Posted | filed under Weekly Reports.

With thousands more birds overhead and a day of 202 birds in the nets, September began busy for the Lesser Slave Lake Bird Observatory. The vast majority of these observations were Myrtle Warblers, but they were joined by a handful of Orange-crowned Warblers, Palm Warblers, Cedar Waxwings, and what was likely the last of the Tennessee Warblers.

You may have wondered how we manage to keep track of so many different species in the seconds it takes for them to migrate overhead. After we have identified them, how do we put that record down on paper?

Although some species names are short, recording Swainson’s Thrush, Black-and-white Warbler, Greater White-fronted Geese, or Black-throated Green Warbler would take long enough to write that we would lose track of the birds migrating overhead. Luckily we do not have to write out these full names and can reduce any species name down to just four letters.

Above: The Black-and-white Warbler can be shorted into the four-letter code of BAWW.

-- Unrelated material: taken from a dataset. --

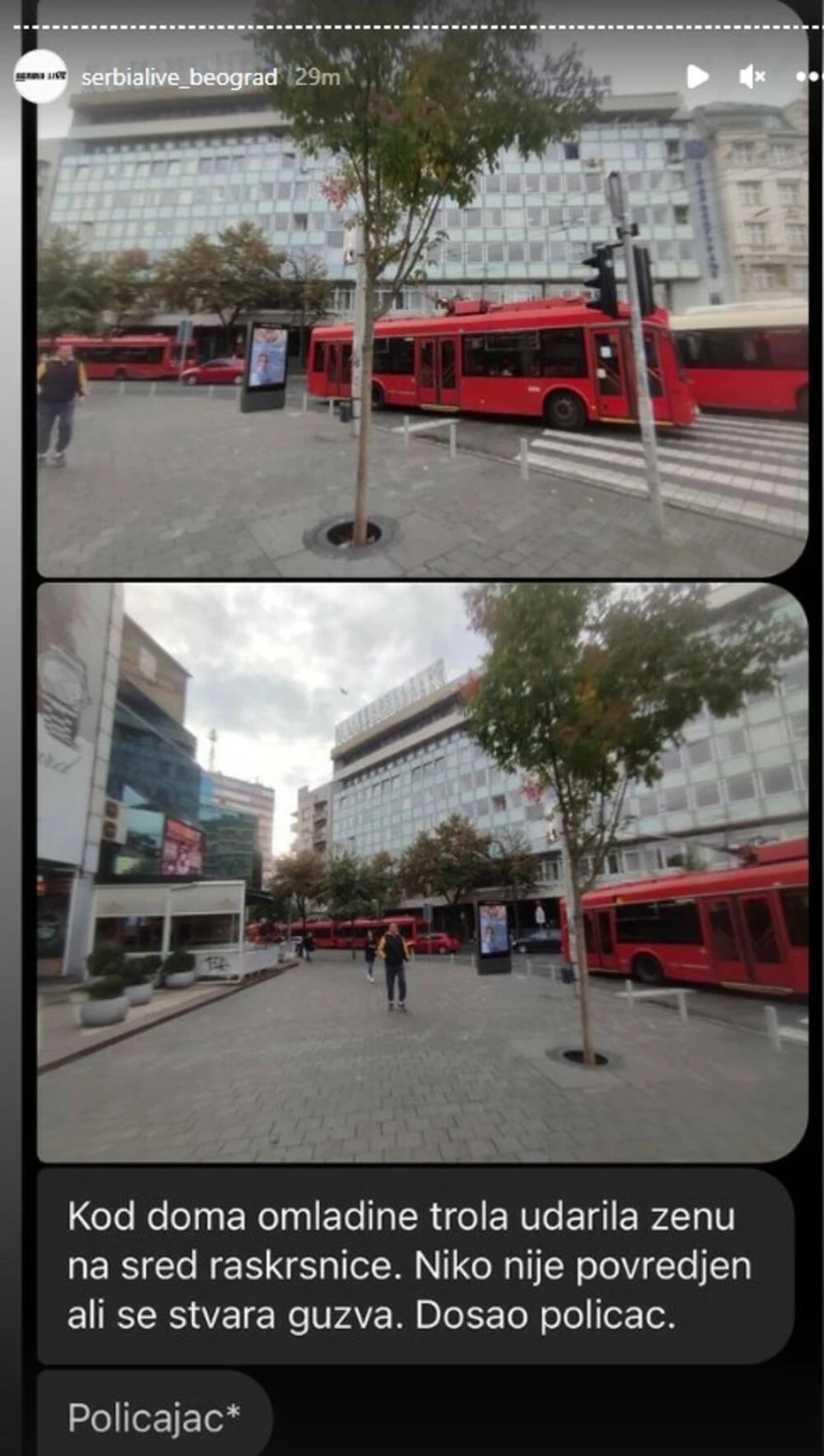 Kako prenosi Instagram stranica Serbialive, trolejbus je naleteo na ženu kod "Doma omladine", ali srećom žena nije teže povređena.

This coding system is widely used across North America to speed both data recording and entry into digital databases. It even allows us to band 202 birds in a day without spending an onerous amount of time simply writing the species’ names down. Using a straight-forward set of rules lets researchers figure out codes they might not have seen before and reduces the need for memorization.

 

The easiest rule is for those species that have one part to their name – just the first four letters of that name are used. For example, Mallard becomes MALL. The next rule is for species with two parts to their name. For these species, the first two letters of the first name are combined with the first two letters of the second name, so Swainson’s Thrush becomes SWTH and Lincoln’s Sparrow becomes LISP.

Slightly more difficult are species with hyphens in their names. For these species, only one letter is selected from each of the hyphenated components with the remaining space left for the unhyphenated part. Thus Black-capped Chickadee becomes BCCH, Black-and-white Warbler becomes BAWW, and Greater White-fronted Goose becomes GWFG.

Although these rules work for most species locally, there are exceptions. For the most part, these exceptions occur when two species would share the same four letter code and create ambiguity in the data. Both our locally breeding Black-throated Green Warbler and the more western Black-throated Gray Warbler would get the code BTGW. For clarity, the Black-throated Green Warbler is instead coded BTNW and Black-throated Gray Warbler is BTYW by using the last letter of the third parts of their name.

Above: This Northern-saw Whet Owl was the first banded in 2022. She was extra special because of her white talons which are normally uniformly black.

Although we use it daily, the need for this short-hand would not last as poor weather plagued the later half of the week to both reduce our netting efforts and to make songbird migration too difficult to undertake. However, our owl banding program has been able to run its first few nights and captured sixteen Northern Saw-whet Owls. Can you figure out their four letter code?